> [EXERCISE AIM]
Pictures excluded, return the lines below from the first through the line holding "4. 放入西红柿爆炒,加1勺生抽半勺蚝油调味。".

> [Stored data entries]
+ + + + + + +

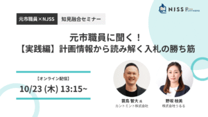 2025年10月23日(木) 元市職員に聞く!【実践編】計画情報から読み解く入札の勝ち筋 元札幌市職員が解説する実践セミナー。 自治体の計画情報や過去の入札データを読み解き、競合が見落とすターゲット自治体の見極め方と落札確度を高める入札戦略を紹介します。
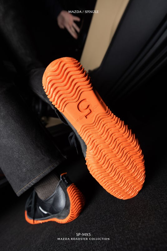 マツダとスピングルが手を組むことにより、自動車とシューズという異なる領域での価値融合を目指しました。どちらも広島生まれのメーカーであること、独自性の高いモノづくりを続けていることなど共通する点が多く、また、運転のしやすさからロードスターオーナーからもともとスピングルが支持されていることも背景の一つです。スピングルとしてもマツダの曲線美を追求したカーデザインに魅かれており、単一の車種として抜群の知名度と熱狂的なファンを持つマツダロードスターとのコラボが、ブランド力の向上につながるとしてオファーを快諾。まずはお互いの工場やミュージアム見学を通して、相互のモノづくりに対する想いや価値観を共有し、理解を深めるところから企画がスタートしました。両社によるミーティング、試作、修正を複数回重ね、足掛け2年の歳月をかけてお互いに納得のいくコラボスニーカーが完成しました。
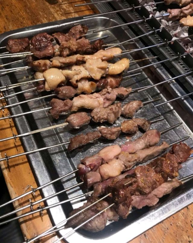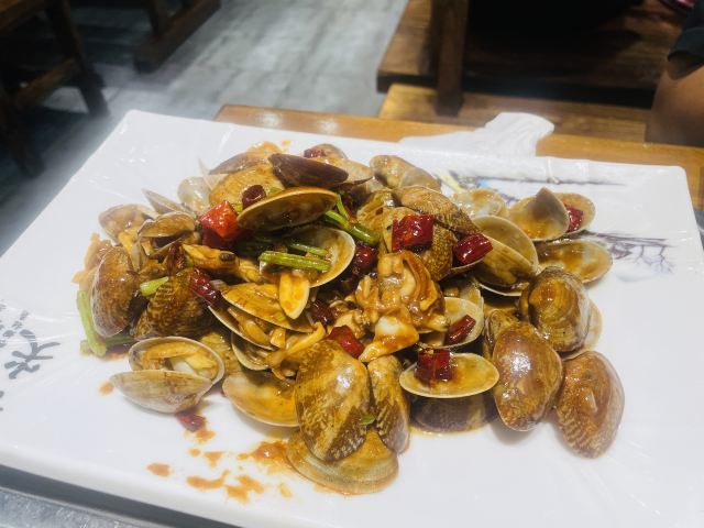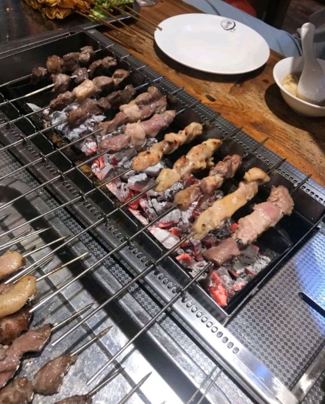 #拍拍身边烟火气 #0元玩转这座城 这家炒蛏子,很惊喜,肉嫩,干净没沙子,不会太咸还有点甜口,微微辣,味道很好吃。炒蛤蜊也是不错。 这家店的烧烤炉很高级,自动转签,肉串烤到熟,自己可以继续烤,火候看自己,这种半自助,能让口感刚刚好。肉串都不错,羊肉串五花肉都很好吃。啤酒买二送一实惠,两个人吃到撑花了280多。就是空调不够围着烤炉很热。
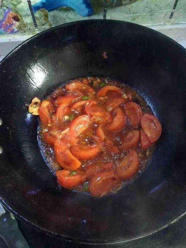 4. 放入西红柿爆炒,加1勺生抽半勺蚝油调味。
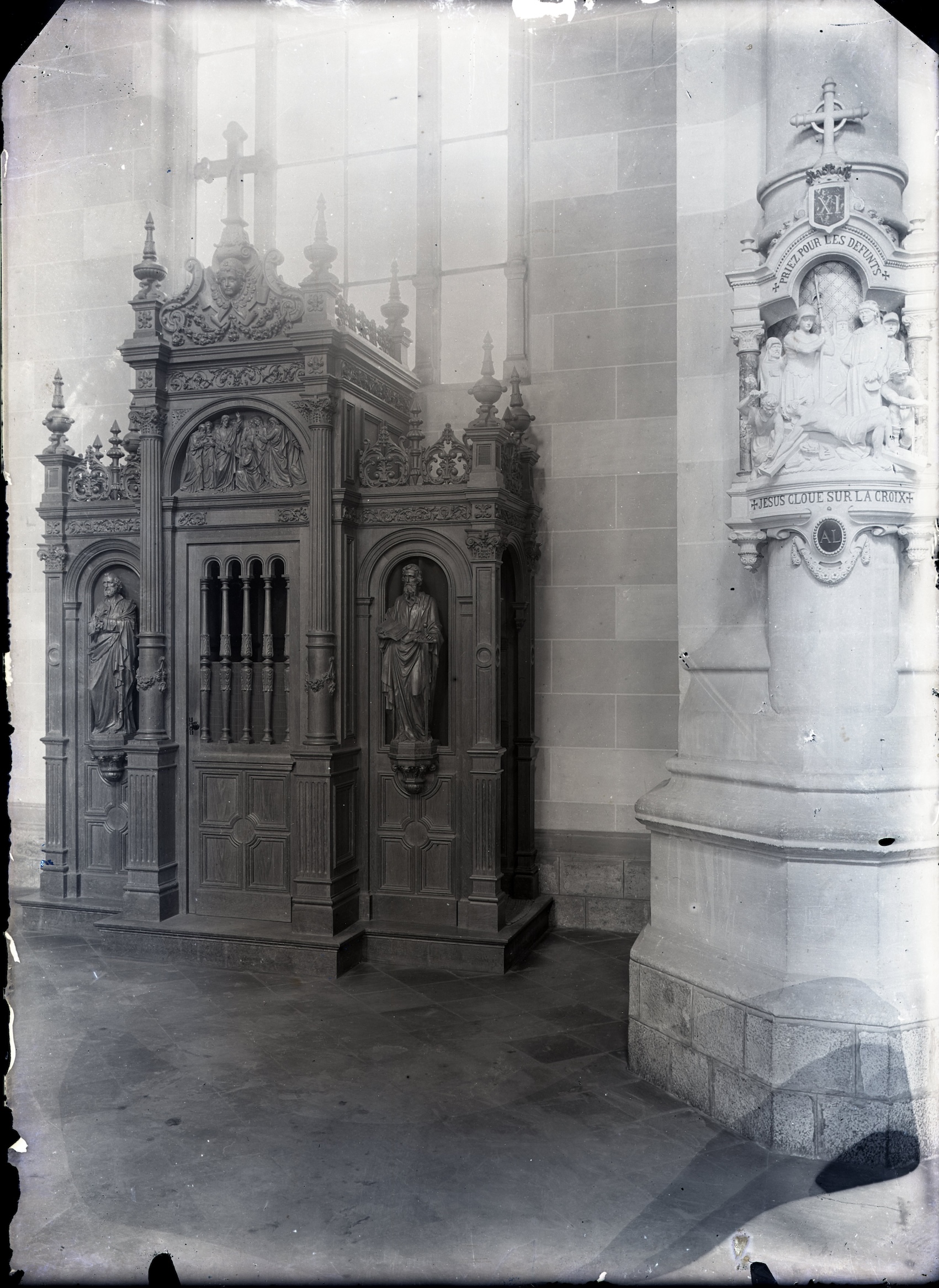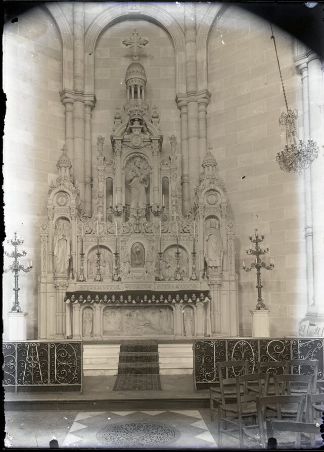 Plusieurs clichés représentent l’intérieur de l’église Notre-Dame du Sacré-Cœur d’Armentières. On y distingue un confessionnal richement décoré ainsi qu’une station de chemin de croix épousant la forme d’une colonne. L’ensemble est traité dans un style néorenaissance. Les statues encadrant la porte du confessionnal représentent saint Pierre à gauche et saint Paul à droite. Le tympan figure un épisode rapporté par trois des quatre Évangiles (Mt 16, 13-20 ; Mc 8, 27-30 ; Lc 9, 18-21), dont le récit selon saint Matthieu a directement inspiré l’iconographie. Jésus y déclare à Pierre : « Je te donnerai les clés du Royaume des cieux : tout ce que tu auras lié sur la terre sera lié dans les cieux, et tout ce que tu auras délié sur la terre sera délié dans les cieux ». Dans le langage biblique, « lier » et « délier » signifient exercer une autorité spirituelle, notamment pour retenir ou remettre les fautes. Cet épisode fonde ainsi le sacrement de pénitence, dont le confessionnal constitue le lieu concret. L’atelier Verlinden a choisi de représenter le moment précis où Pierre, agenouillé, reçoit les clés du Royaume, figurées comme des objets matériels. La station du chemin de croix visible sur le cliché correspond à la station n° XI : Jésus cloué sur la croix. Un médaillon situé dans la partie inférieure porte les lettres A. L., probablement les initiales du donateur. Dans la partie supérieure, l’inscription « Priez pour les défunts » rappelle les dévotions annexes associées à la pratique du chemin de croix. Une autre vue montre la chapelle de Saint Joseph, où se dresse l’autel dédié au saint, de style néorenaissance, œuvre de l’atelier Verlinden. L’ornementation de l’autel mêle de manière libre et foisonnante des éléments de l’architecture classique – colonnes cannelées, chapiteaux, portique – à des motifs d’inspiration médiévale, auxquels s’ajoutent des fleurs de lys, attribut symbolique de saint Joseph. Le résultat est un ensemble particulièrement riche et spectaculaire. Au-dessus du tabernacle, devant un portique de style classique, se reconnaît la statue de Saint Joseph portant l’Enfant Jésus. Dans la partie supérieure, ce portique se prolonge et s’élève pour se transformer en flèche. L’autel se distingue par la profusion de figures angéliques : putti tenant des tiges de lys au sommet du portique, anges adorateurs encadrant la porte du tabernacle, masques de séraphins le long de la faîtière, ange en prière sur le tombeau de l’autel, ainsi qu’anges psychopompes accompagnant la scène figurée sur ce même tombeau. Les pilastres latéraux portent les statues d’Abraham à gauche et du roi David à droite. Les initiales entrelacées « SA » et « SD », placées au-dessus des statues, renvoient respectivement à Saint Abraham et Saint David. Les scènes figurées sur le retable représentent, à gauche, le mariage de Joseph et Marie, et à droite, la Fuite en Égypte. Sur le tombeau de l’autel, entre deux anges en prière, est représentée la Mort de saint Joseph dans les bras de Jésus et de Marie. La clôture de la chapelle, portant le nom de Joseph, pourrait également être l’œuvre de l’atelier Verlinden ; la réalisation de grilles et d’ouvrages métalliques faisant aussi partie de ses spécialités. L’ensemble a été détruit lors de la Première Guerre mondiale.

+ + + + + + +

> [WRITTEN ANSWER]
 2025年10月23日(木) 元市職員に聞く!【実践編】計画情報から読み解く入札の勝ち筋 元札幌市職員が解説する実践セミナー。 自治体の計画情報や過去の入札データを読み解き、競合が見落とすターゲット自治体の見極め方と落札確度を高める入札戦略を紹介します。
 マツダとスピングルが手を組むことにより、自動車とシューズという異なる領域での価値融合を目指しました。どちらも広島生まれのメーカーであること、独自性の高いモノづくりを続けていることなど共通する点が多く、また、運転のしやすさからロードスターオーナーからもともとスピングルが支持されていることも背景の一つです。スピングルとしてもマツダの曲線美を追求したカーデザインに魅かれており、単一の車種として抜群の知名度と熱狂的なファンを持つマツダロードスターとのコラボが、ブランド力の向上につながるとしてオファーを快諾。まずはお互いの工場やミュージアム見学を通して、相互のモノづくりに対する想いや価値観を共有し、理解を深めるところから企画がスタートしました。両社によるミーティング、試作、修正を複数回重ね、足掛け2年の歳月をかけてお互いに納得のいくコラボスニーカーが完成しました。
 #拍拍身边烟火气 #0元玩转这座城 这家炒蛏子,很惊喜,肉嫩,干净没沙子,不会太咸还有点甜口,微微辣,味道很好吃。炒蛤蜊也是不错。 这家店的烧烤炉很高级,自动转签,肉串烤到熟,自己可以继续烤,火候看自己,这种半自助,能让口感刚刚好。肉串都不错,羊肉串五花肉都很好吃。啤酒买二送一实惠,两个人吃到撑花了280多。就是空调不够围着烤炉很热。
 4. 放入西红柿爆炒,加1勺生抽半勺蚝油调味。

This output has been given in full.